I know this is the opposite of what I said before, but I changed my mind. After all, I'm entitiled to my opinion.


----------



## Halasían (Mar 30, 2006)

The power of an oath broken allowed Isildur to curse them wth punishment.
But it was the actual breaking of the oath that had the power. Aragorn addressed them as 'oathbreakers', not 'the cursed of Isildur'.


----------



## Noldor_returned (Mar 31, 2006)

Yes, although I think if he had died, they still would have been cursed, because they broke the oath, which appears to be fatal in Middle-Earth.


----------



## HLGStrider (Mar 31, 2006)

Or in their case nastily un-fatal. . .


----------



## Snaga (Mar 31, 2006)

Interesting debate and contributions. I agree that it was something to do with the act of swearing an oath, and the breaking of that oath. Thanks to the mod who added that choice: I ended up voting for it even though it wasn't on my original poll! The parallel with the sons of Feanor is interesting. That oath was not time-limited, and the sons of Feanor are not mortals: so while the oath could rest for a time, in the end they were forced to act on it. I always felt that Maedhros in particular was tortured by it, and didn't want to follow through with consequences of his oath, but was compelled to. In the case of those cursed by Isildur, they were mortal but could not sleep until their oath was fulfilled. But they 'missed their chance' ... and had to wait for another chance. Unluckily for them, this took 3000 years!

I need to re-read carefully the story of Mim's curse to see how it fits with the pattern. Unless some other eager scholar can help?


----------



## baragund (Apr 6, 2006)

For the sake of the poll, I voted for the inherent power of an oath.

Oaths are a BIG deal in Tolkien's world. They are absolutely unbreakable and even bad guys are held to them. They are not made lightly. As I'm writing this, I'm trying to think of an instance where somebody broak an oath and got away with it. I can't think of any.

I'm thinking the dead guys were put in their predicament by their failure to meet their own oath more than anything that Isildur did.


----------



## Arvedui (Apr 7, 2006)

Snaga said:


> I need to re-read carefully the story of Mim's curse to see how it fits with the pattern. Unless some other eager scholar can help?


There was no oath included in the curse of Mîm, so I am afraid that it doesn't quite fit in with the pattern. Mîm cursed Andróg after having slain his son, saying:


Unfinished Tales said:


> he that loosed the shaft shall break his bow and his arrows and lay them at my son's feet; and he shall never take arrow nor bear bow again. If he does, he shall die by it. That curse I lay on him.

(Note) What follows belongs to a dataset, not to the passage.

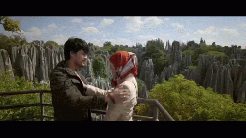 A couple shares a romantic hug in front of a stunning rocky landscape from the movie Assalamualaikum Beijing.
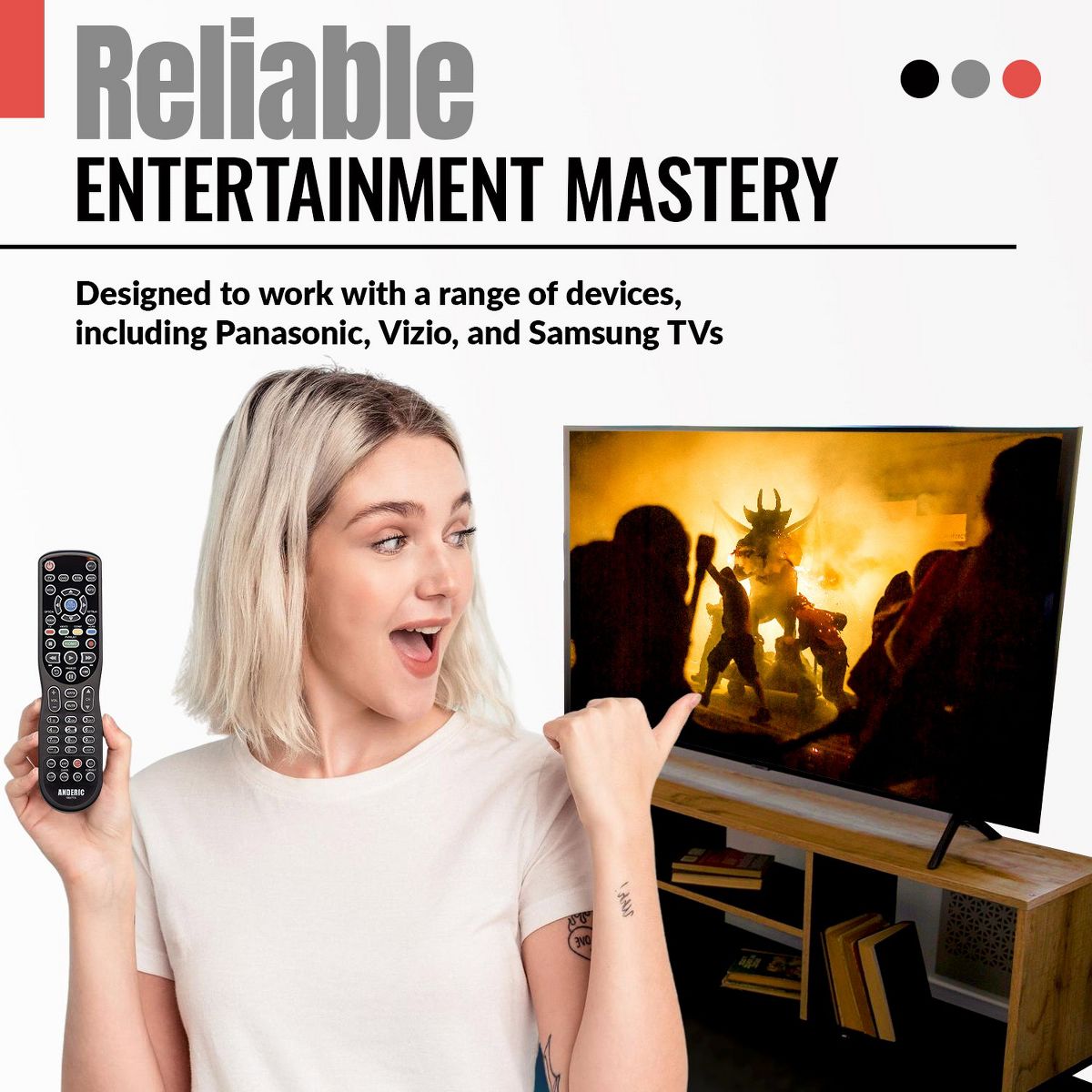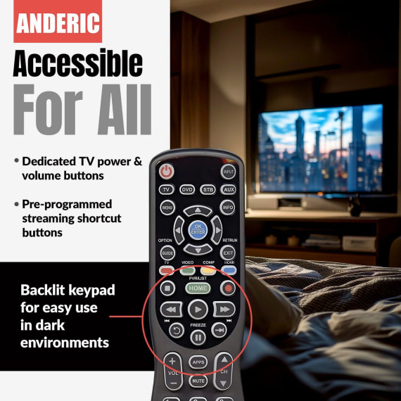Anderic RR0777S Universal 4-Device Remote Control for Pre-programmed for Panasonic Smart TVs with Learning and Backlight | N2QAYB000777S

As what goes for the power of curses and oath in general, I think that there isn't much to add that hasn't already been stated.


----------



## Noldor_returned (Apr 11, 2006)

There's another curse type thing in the Sil, when Eol curses Maedhros and says may he die on the rock into the ocean thing. I can't remember the outcome of that though.


----------



## Arvedui (Apr 18, 2006)

I don't quite follow you on that one. As far as I recall, Eöl never met Maedhros. Can it be that you are thinking of Maeglin?
These are the words of Eöl to Maeglin just before he was cast over the Caragdûr:


> So you forsake your father and his kin, illgotten son! Here shall you fail of all your hopes, and here may you yet die the same death as I.


And during the Ruin of Gondolin:


> Tuor fought with Maeglin on the walls, and cast him far out, and his body as it fell smote the rocky slopes of Amon Gwareth thrice ere it pitched into the flames below.


So the outcome was more or less as the curse predicted.


----------



## Noldor_returned (Apr 18, 2006)

Yeah I meant Maeglin. And re-reading Sil, I came across several other curses and oaths, most of which are fairly small but do work strongly.


----------